━━━ Dataset excerpts ━━━

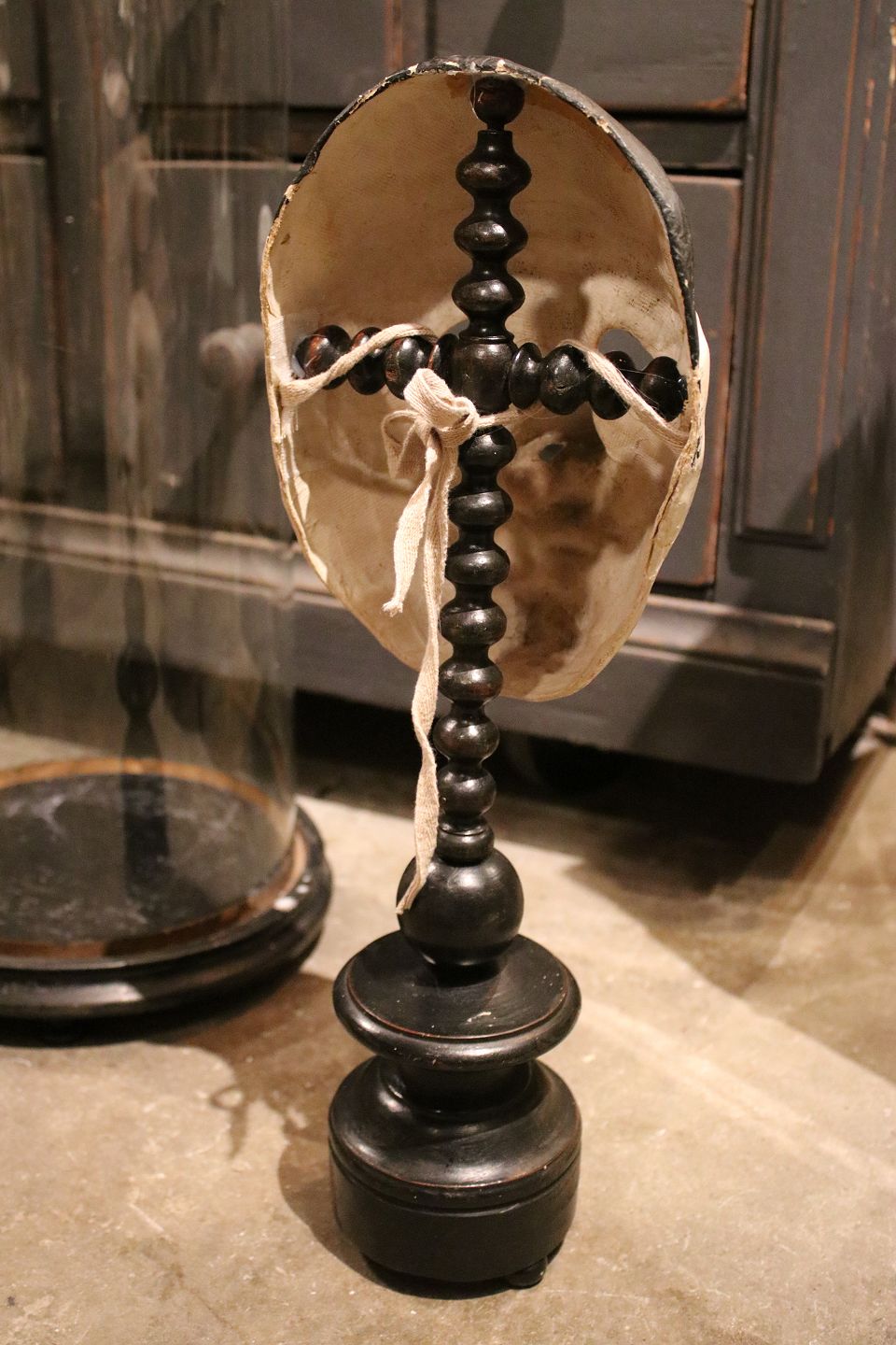 Decorative, old clown mask in painted papier-mâché mounted on old black painted wooden base...
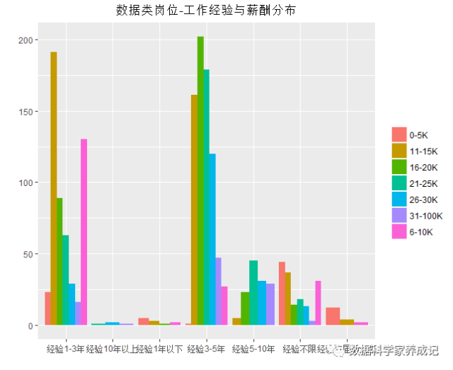 ggtitle("数据类岗位-工作经验与薪酬分布") +
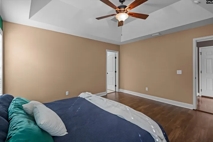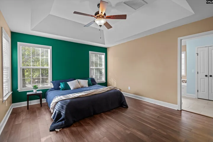+"MasterBedroom": "Double Vanity,Tub-Garden,Separate Shower,Closet-Walk in,Ceilings-Tray,Bath-Jack & Jill\u{A0}\u{A0},Ceiling Fan,Floors-Hardwood,Floors - Tile"
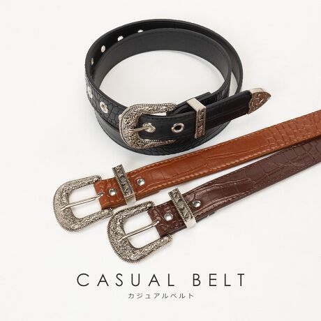 スカルプチャーバックルクロコ柄ベルト
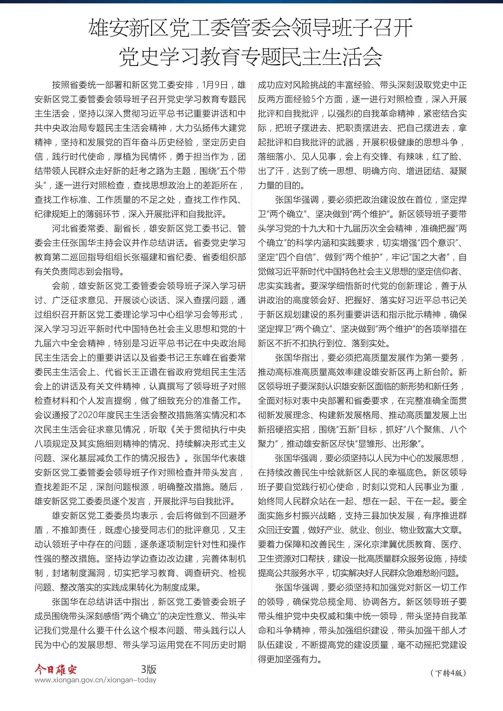 《今日雄安》 2021年1月10日 第542期
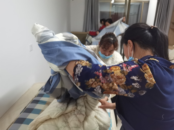 4月9日,学校加强疫情防控措施,升级校园封闭管理,公寓服务中心承担住宿员工的服务保障工作,接到指令,中心积极响应,高效执行,迅速对明故宫校区B4栋、青年教工公寓、将军路校区怡园19栋、慧园1栋的空置房间进行全面保洁、铺放被褥。已经住校20天的公寓人能出动得都参与到这项紧锣密鼓的任务中,有人认真核算统筹两校区的空宿舍资源,制定住宿安排方案;有人检查设施设备,联系维修人员进行报修;有人肩扛手提,搬运来一套套新订购的被褥;有人对房间进行细致保洁,开窗通风,喷洒消毒……尘土飞扬中留下了他们忙碌的身影。四月的南京,夜深了,夜晚的微风透着一丝清凉,汗水却浸透了公寓人的衣衫。23:30,经过5个多小时马不停歇的劳作,几十间宿舍全部打扫完毕、床上整齐铺放好崭新的被褥、桌面上摆放好《致老师的一封信》。住校保障老师的临时宿舍准备就绪,静待各位老师入住。封闭管理之下,公寓服务中心为学校运行保驾护航,为疫情防控工作增加一道坚实防线。
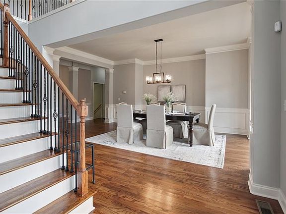 Immaculate custom built home with tons of upgrades! Light, bright, & open with neutral paint throughout. Bullnose/curved corners, high ceilings, refinished hardwood floors, arched entryways & lots of storage space. Separate dining room, office, & living room. Spacious eat-in kitchen features stainless steel appliances, large center island, double ovens, quartz countertops, and keeping room with fireplace. Large loft leads to oversized master suite w/sitting room and fireplace. Spa like master bath with a large closet. 2 laundry rooms - 1 upstairs and 1 downstairs. Generous sized secondary bedrooms with baths. Covered front porch, back deck, 3 car garage, & unfinished basement w/triforce open web joints in the ceiling. Great Roswell location near parks, trails, shopping, dining & great schools.

━━━

▶ **Prompt**:
Where pictures appear, drop them, and reproduce exactly only the lines running from the beginning of the data to the line that contains "4月9日,学校加强疫情防控措", inclusive.

▶ **Output of the task**:
 Decorative, old clown mask in painted papier-mâché mounted on old black painted wooden base...
 ggtitle("数据类岗位-工作经验与薪酬分布") +
+"MasterBedroom": "Double Vanity,Tub-Garden,Separate Shower,Closet-Walk in,Ceilings-Tray,Bath-Jack & Jill\u{A0}\u{A0},Ceiling Fan,Floors-Hardwood,Floors - Tile"
 スカルプチャーバックルクロコ柄ベルト
 《今日雄安》 2021年1月10日 第542期
 4月9日,学校加强疫情防控措施,升级校园封闭管理,公寓服务中心承担住宿员工的服务保障工作,接到指令,中心积极响应,高效执行,迅速对明故宫校区B4栋、青年教工公寓、将军路校区怡园19栋、慧园1栋的空置房间进行全面保洁、铺放被褥。已经住校20天的公寓人能出动得都参与到这项紧锣密鼓的任务中,有人认真核算统筹两校区的空宿舍资源,制定住宿安排方案;有人检查设施设备,联系维修人员进行报修;有人肩扛手提,搬运来一套套新订购的被褥;有人对房间进行细致保洁,开窗通风,喷洒消毒……尘土飞扬中留下了他们忙碌的身影。四月的南京,夜深了,夜晚的微风透着一丝清凉,汗水却浸透了公寓人的衣衫。23:30,经过5个多小时马不停歇的劳作,几十间宿舍全部打扫完毕、床上整齐铺放好崭新的被褥、桌面上摆放好《致老师的一封信》。住校保障老师的临时宿舍准备就绪,静待各位老师入住。封闭管理之下,公寓服务中心为学校运行保驾护航,为疫情防控工作增加一道坚实防线。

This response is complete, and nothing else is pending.